▸ **Requirement**
Output the lines of the entries below beginning at the one with "in the bathroom…" and ending with the last, exactly as written and without pictures.

START The data

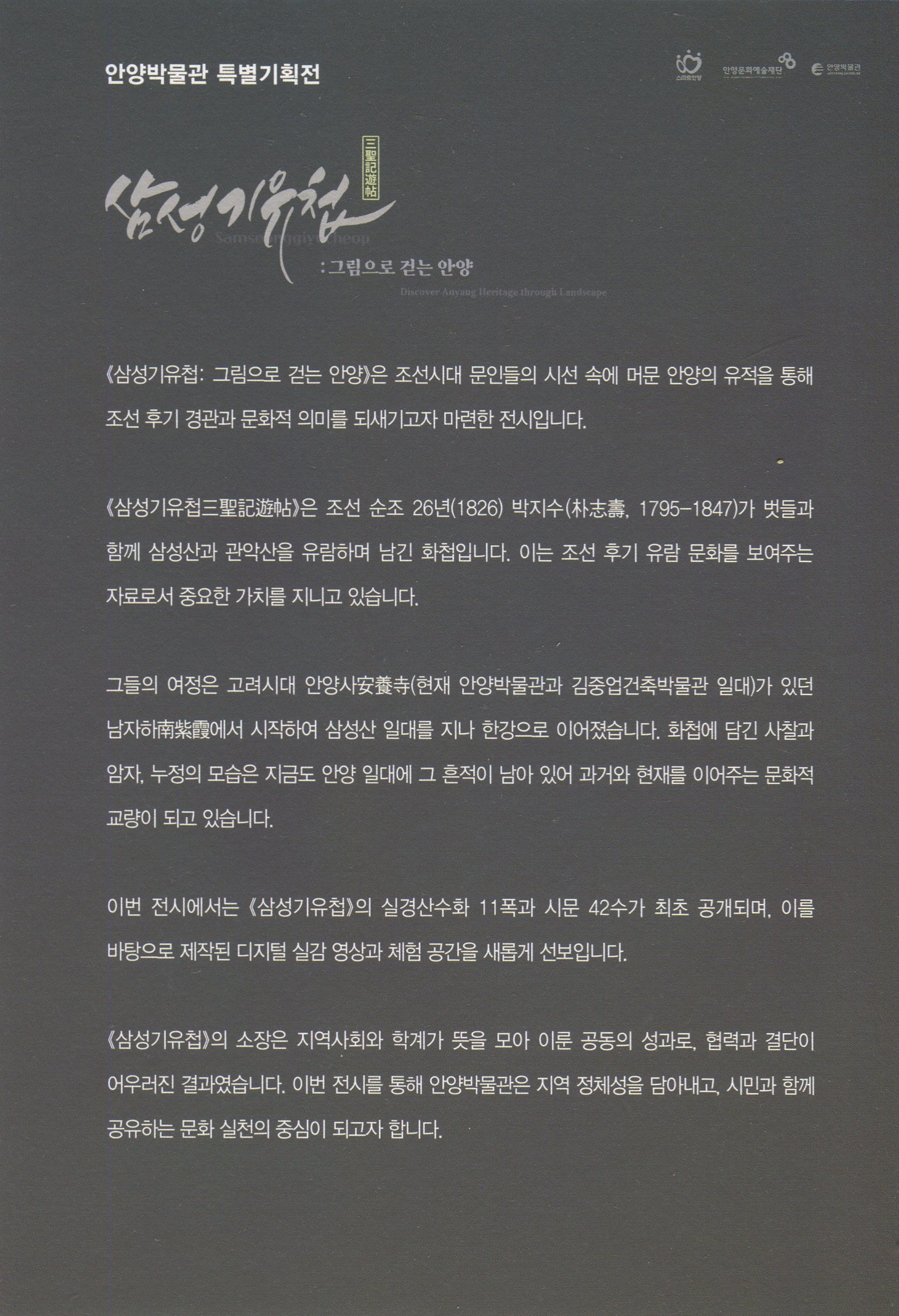 안양박물관은 지역 문화 유산을 보존 및 연구하는 공립박물관으로서 유물을 조사하고 수집하던 중 조선시대 안양의 실경을 담은 회화‘삼성기유첩’의 존재를 확인하고, 지난해 2월 고미술 경매를 통해 매입을 추진했다.
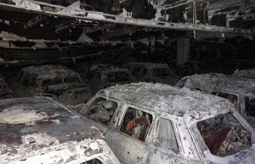 De ravage na de brand aan boord van het Japanse autoschip Fremantle Highway.
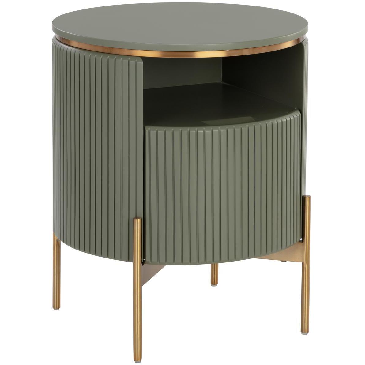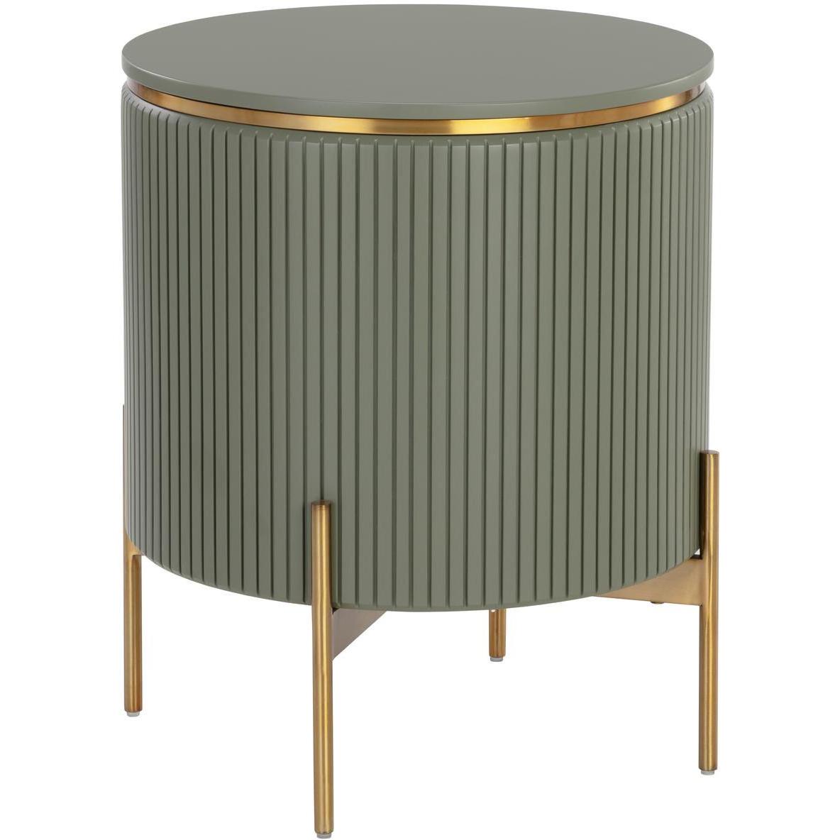 This luxurious end table will bring a sculptural spirit to any space. The round frame, finished in sage green, is contrasted with intricate vertical reeding. Gold stainless steel legs and inlay create added definition. Coordinating sideboard also available.
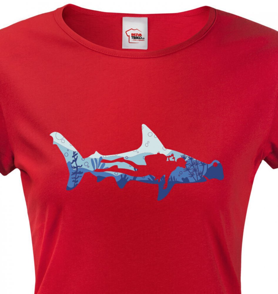 Bezvatriko.cz Dámské tričko Potápěč a žralok Červená
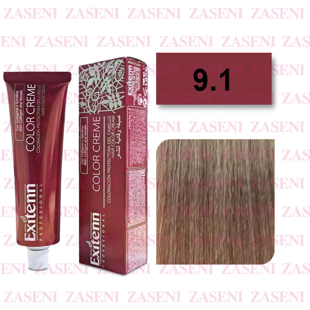EXITENN TINTE COLOR CREME 9.1 RUBIO CLARÍSIMO CENIZA 100ML
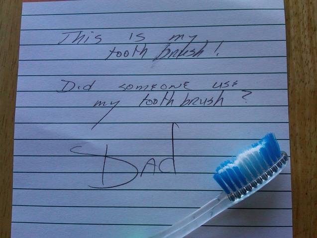 …your toothbrush is missing from the cup in the bathroom…
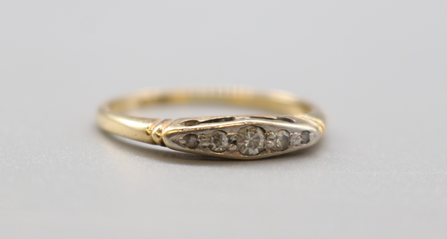 18ct five stone diamond ring, size N 1/2 (2.2g)
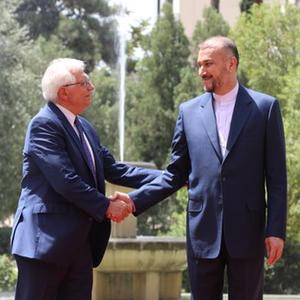 6月25日,伊朗外长阿卜杜拉希扬在德黑兰和欧盟外交与安全政策高级代表博雷利举行会晤。新华社发(伊朗外交部供图)
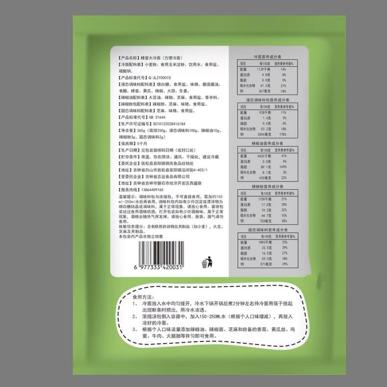 【中國直郵】 村驢家 朝鮮風味蜂蜜大冷麵 365g 速食冷麵米線袋裝帶調味料【東北延吉地道口感】

END The data

▸ **Task answer**
 …your toothbrush is missing from the cup in the bathroom…
 18ct five stone diamond ring, size N 1/2 (2.2g)
 6月25日,伊朗外长阿卜杜拉希扬在德黑兰和欧盟外交与安全政策高级代表博雷利举行会晤。新华社发(伊朗外交部供图)
 【中國直郵】 村驢家 朝鮮風味蜂蜜大冷麵 365g 速食冷麵米線袋裝帶調味料【東北延吉地道口感】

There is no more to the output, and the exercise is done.